INSTRUCTIONS TO FOLLOW:
It would help if you retyped the data exactly, leaving out the pictures.

SOURCE DATA START

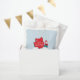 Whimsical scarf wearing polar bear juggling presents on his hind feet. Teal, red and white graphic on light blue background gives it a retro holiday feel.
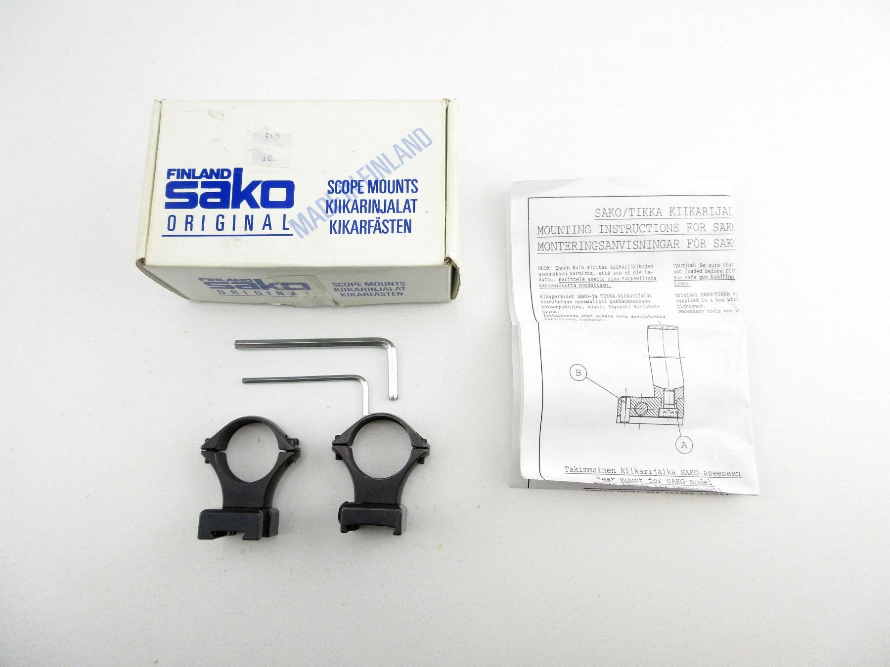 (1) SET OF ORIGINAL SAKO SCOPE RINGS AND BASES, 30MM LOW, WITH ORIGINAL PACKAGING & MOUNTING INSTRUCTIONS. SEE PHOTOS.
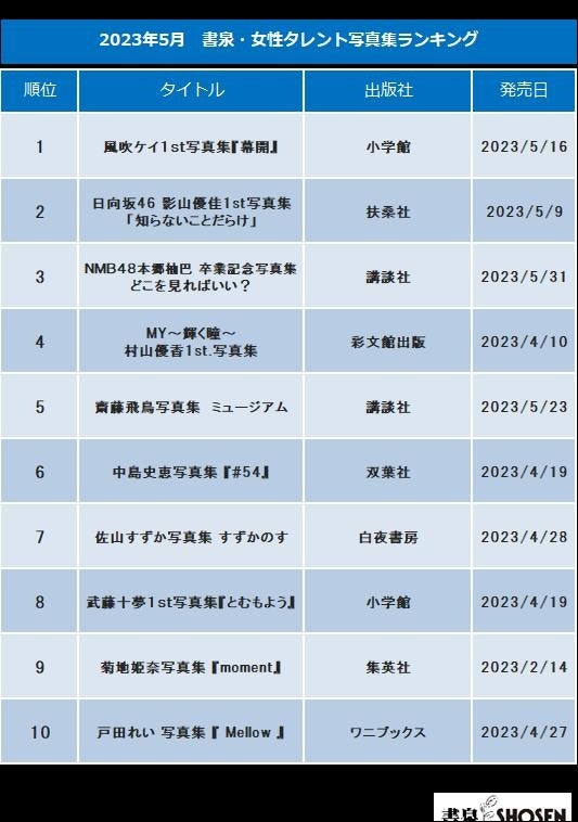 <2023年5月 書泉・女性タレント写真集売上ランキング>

SOURCE DATA END

YOUR RESPONSE:
 Whimsical scarf wearing polar bear juggling presents on his hind feet. Teal, red and white graphic on light blue background gives it a retro holiday feel.
 (1) SET OF ORIGINAL SAKO SCOPE RINGS AND BASES, 30MM LOW, WITH ORIGINAL PACKAGING & MOUNTING INSTRUCTIONS. SEE PHOTOS.
 <2023年5月 書泉・女性タレント写真集売上ランキング>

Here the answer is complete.